* [What to produce]
I would like the lines below, from the one with "To improve the" through the one with "The Petite Puff", copied exactly and without any pictures.

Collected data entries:
* * * * *
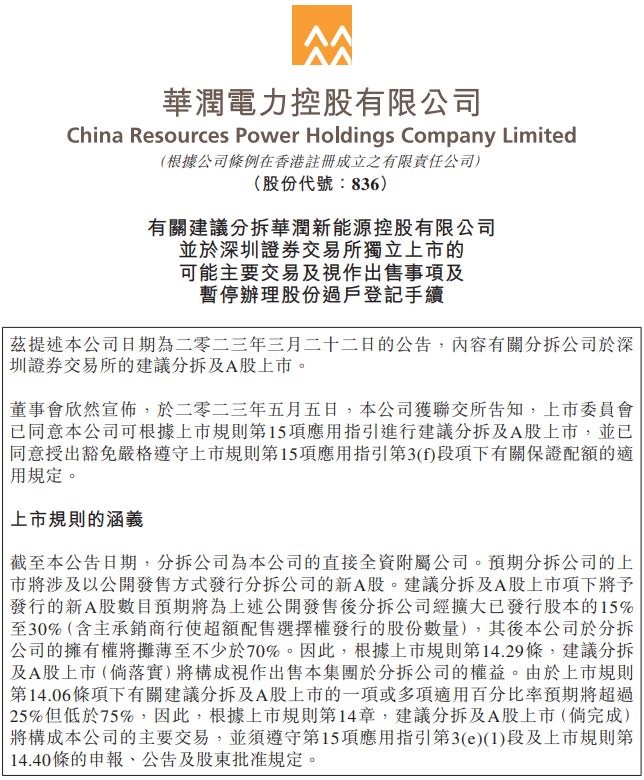 6月18日,华润电力发布《有关建议分拆华润新能源控股有限公司并于深圳证券交易所独立上市的可能主要交易及视作出售事项及暂停办理股份过户登记手续》。
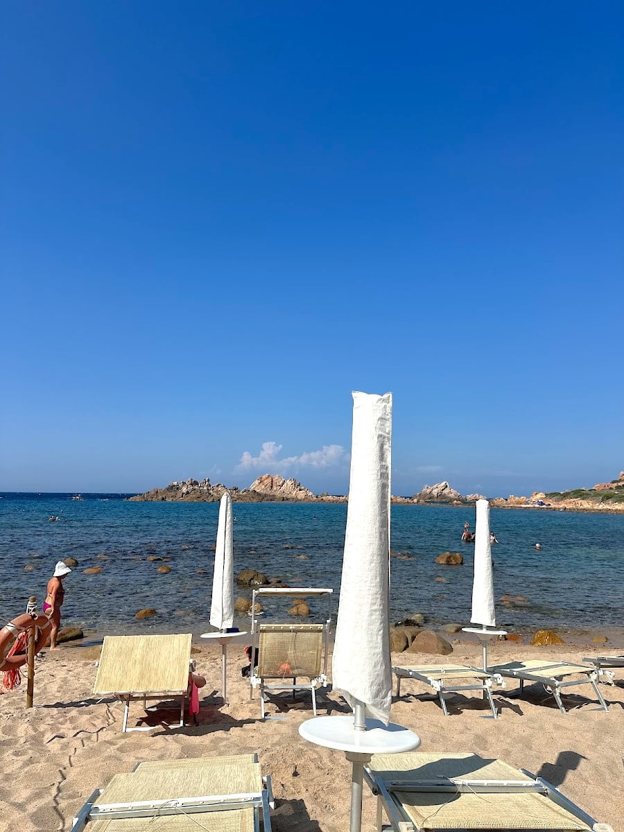 Li Cossi feels like a secret—a white and pink sand beach tucked in a canyon, reached by a scenic path that is easily reached on foot. The water is shallow, perfect for families, and the beach is equipped in high season with a few shaded areas and discreet loungers away from the shoreline. I followed the trail through Mediterranean scrub, emerging to a quiet paradise that feels like a sheltered baia beneath a distant torre aragonese.
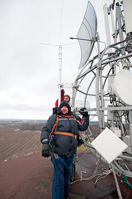 Montaż przemiennika SR2GN na wieży w Gniewinie
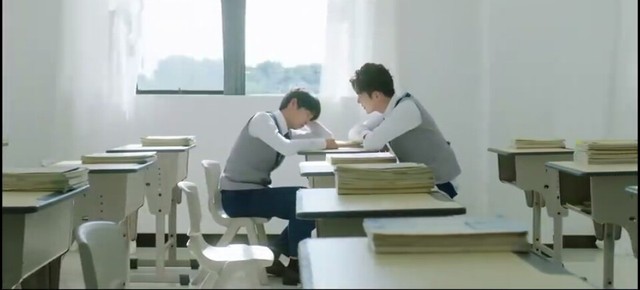 这边,路夏不知不觉就在教室里睡着了,乔晨看到了他,走了进来,把手放他鼻子上,他就醒了。
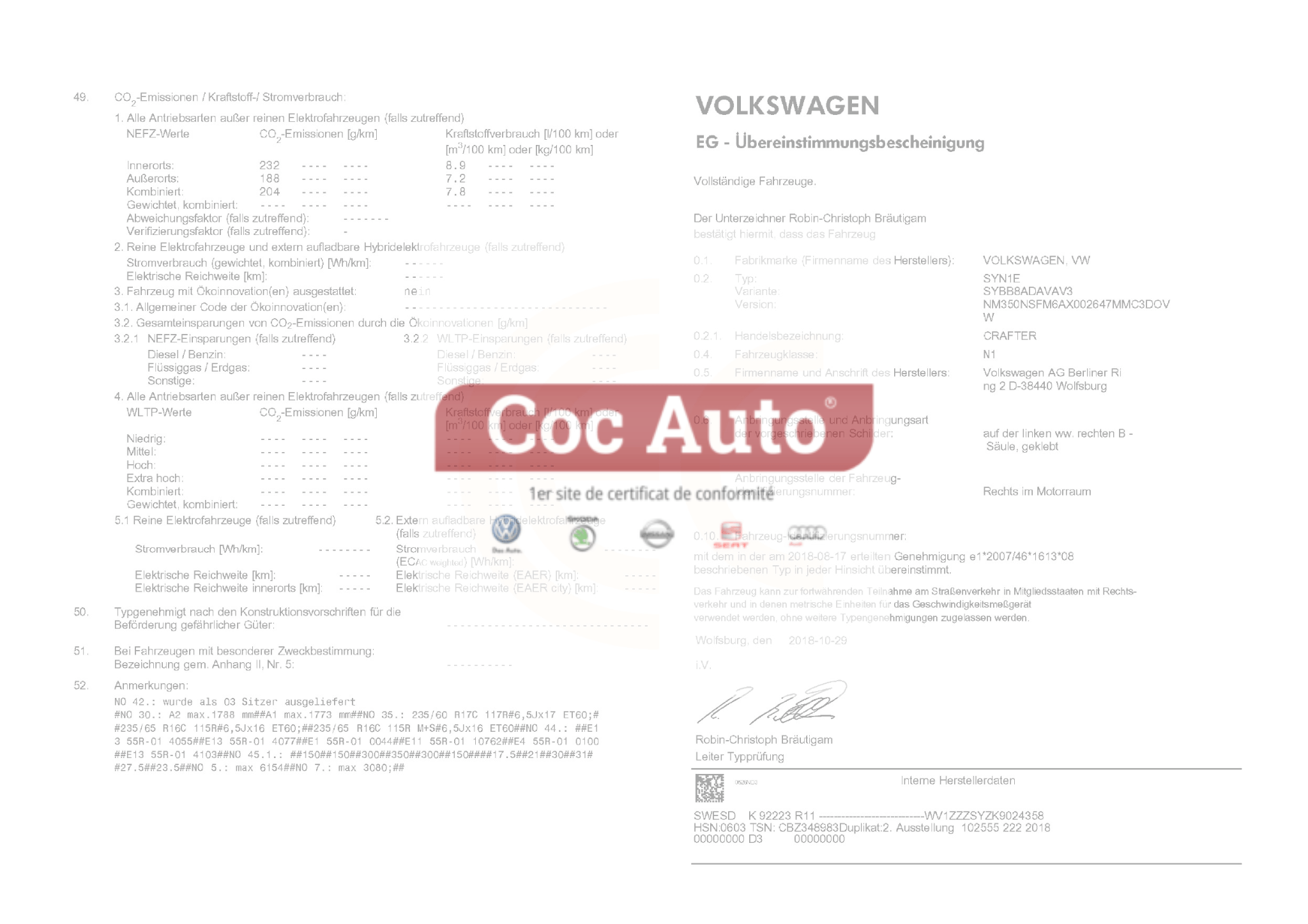 Certificat de conformité utilitaire Volkswagen
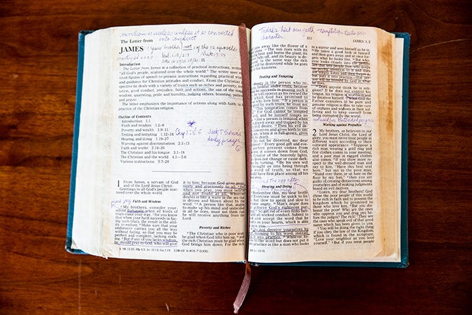 The Bible she received as a freshman in high school “It is so written in and cross referenced, it’s been re-bound once, and it’s heavily used,” Vickie says. “If I were to lose that, it would be devastating.”
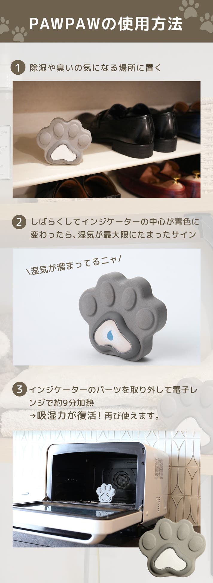PAWPAWは電子レンジでたった9分加熱するだけで吸湿力が復活!
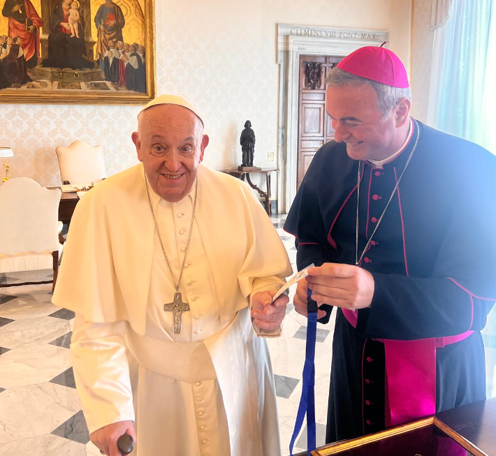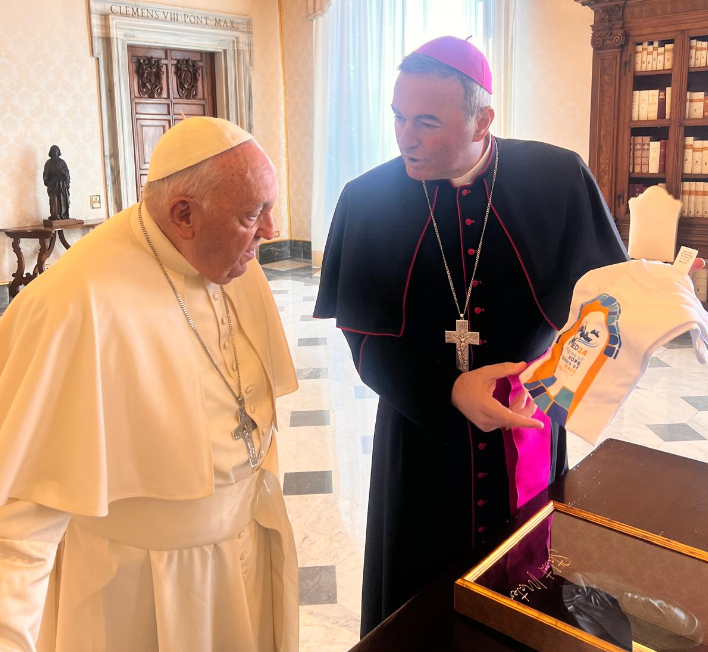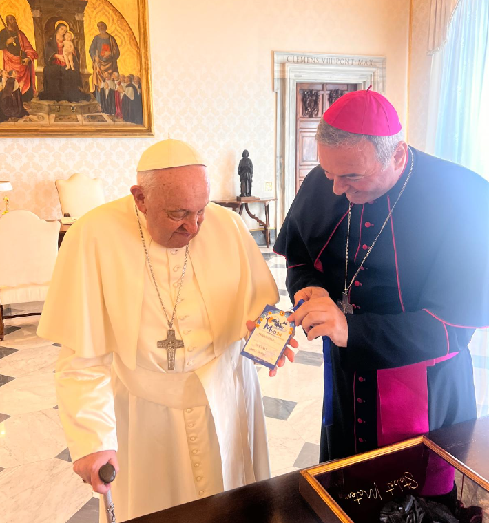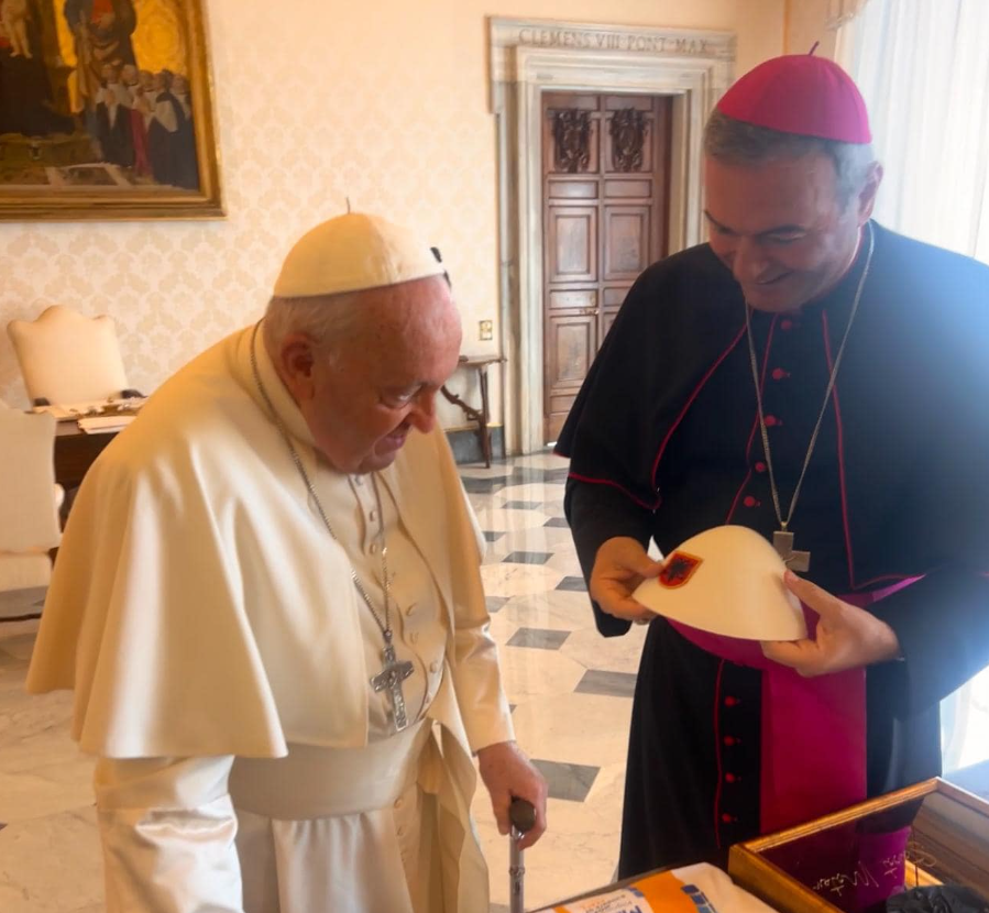 Arqipeshkvi i prezantoi Papës një bluzë dhe një etiketë duke treguar ashtu, në mënyrë konkrete dhe simbolike njëkohësisht, regjistrimin e tij për takimet mesdhetare “MED 24” në Tiranë. Në fund, ai i dërgoi bekimin e tij apostolik Arqidioqezës shqiptare.
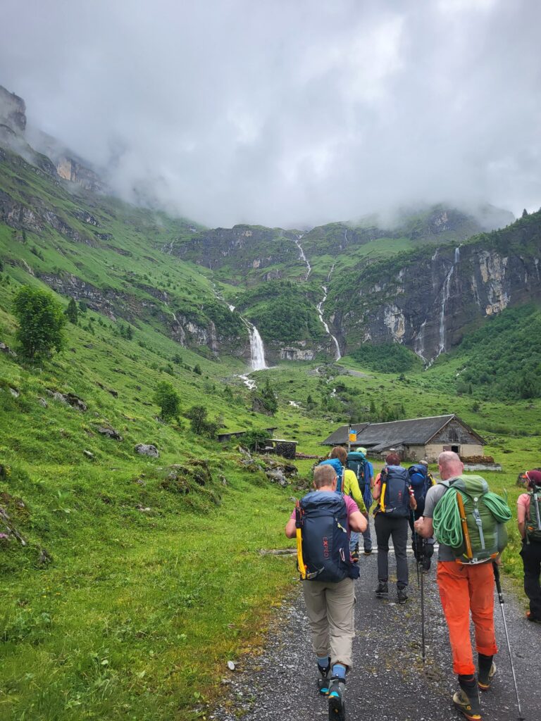 Die SBB brachte alle Teilnehmerinnen und Teilnehmer von den verschiedenen Ausgangsorten pünktlich an den Treffpunkt in Glarus. Das Alpentaxi brachte uns bei teilweise starkem Regen zur Alp Chäseren. Ab hier wanderten wir gemütlich bei angenehmen Temperaturen und ohne Regen zur Glärnischhütte. Nach einer Stärkung vom Kuchenbuffet wurden wir in drei Seilgruppen aufgeteilt und übten die Seiltechnik für den nächsten Tag.
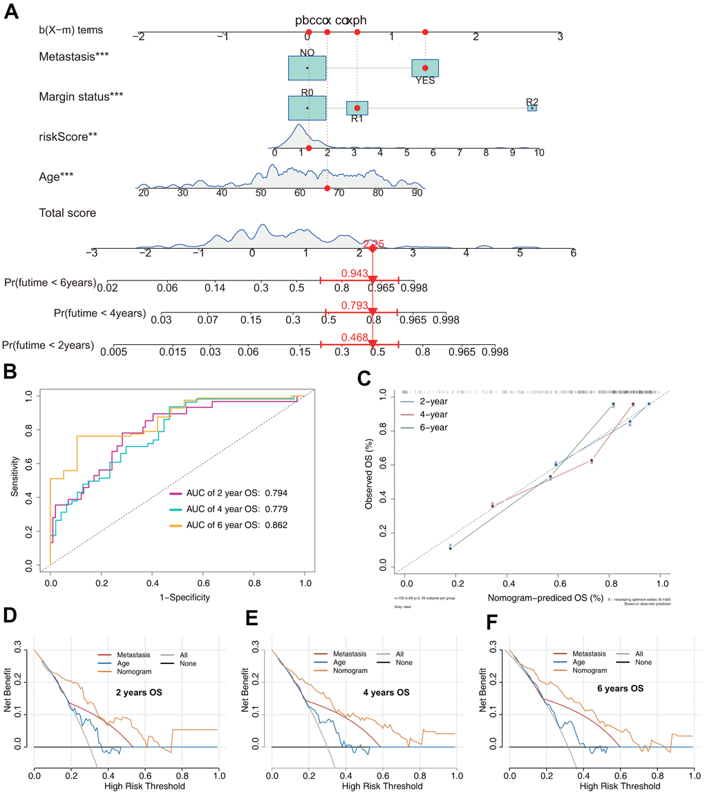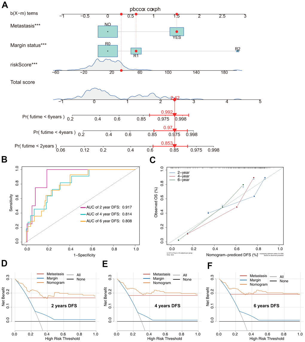 To improve the accuracy of the prediction model, we established nomograms based on the risk scores and other independent risk factors, and these models showed good calibration and discrimination. DCA indicated that the nomograms showed higher clinical benefit and utility than simple clinical features. In addition, the AUCs for 2-, 4-, and 6-year OS prediction were 0.794, 0.779, and 0.862 for OS and 0.917, 0.814, and 0.808 for DFS, respectively. More importantly, to facilitate clinical application, we established two web-based tools to provide free services for OS and DFS prediction.
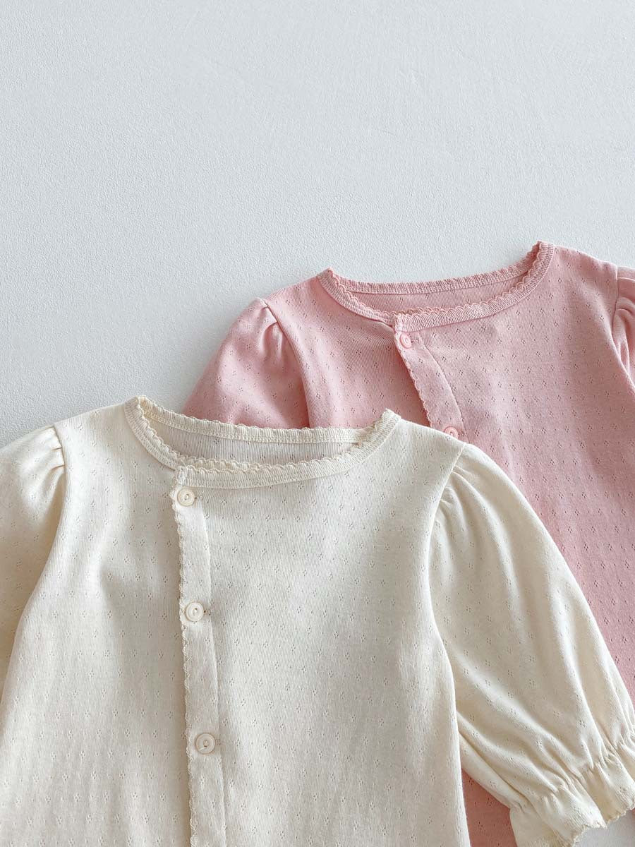 The Petite Puff Romper embodies understated sweetness — gentle cotton texture, scalloped edges, and soft puff sleeves bring a timeless feel to your baby’s first wardrobe. Designed with easy front buttons for effortless dressing and room for movement, it’s perfect for cozy days in or picture-perfect family moments. Available in ivory and blush pink for the softest Booccasion look.
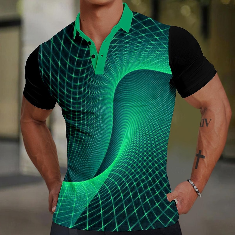 Highlights [Fabric] Expertly crafted from a premium blend of polyester and waffle fabric, this men's polo shirt offers breathability and comfort, perfect for keeping cool during spring and summer. The unique fabric blend ensures durability and a soft feel against the skin. [Fit] The shirt features a slim fit design that contours to the body, highlighting a modern silhouette while providing the flexibility needed for both casual outings and sporting activities. [Design Highlights] Adorned with a striking 3D graphic print, this polo shirt boasts a captivating geometric pattern in vibrant blue, green, and gray hues. The contrasting black short sleeves and solid blue collar and placket add a sophisticated touch, while the button-down front maintains its classic polo aesthetic. [Occasions] Ideal for a variety of events, this polo shirt seamlessly transitions from vacation wear to rave or party outfits. Its stylish appeal makes it suitable for both relaxed gatherings and more vibrant celebrations. [Size Range] Available in a wide range of sizes from S to XXXL, this shirt caters to various body types, ensuring a comfortable fit for all adults.
* * * * *
* [Reply]
 To improve the accuracy of the prediction model, we established nomograms based on the risk scores and other independent risk factors, and these models showed good calibration and discrimination. DCA indicated that the nomograms showed higher clinical benefit and utility than simple clinical features. In addition, the AUCs for 2-, 4-, and 6-year OS prediction were 0.794, 0.779, and 0.862 for OS and 0.917, 0.814, and 0.808 for DFS, respectively. More importantly, to facilitate clinical application, we established two web-based tools to provide free services for OS and DFS prediction.
 The Petite Puff Romper embodies understated sweetness — gentle cotton texture, scalloped edges, and soft puff sleeves bring a timeless feel to your baby’s first wardrobe. Designed with easy front buttons for effortless dressing and room for movement, it’s perfect for cozy days in or picture-perfect family moments. Available in ivory and blush pink for the softest Booccasion look.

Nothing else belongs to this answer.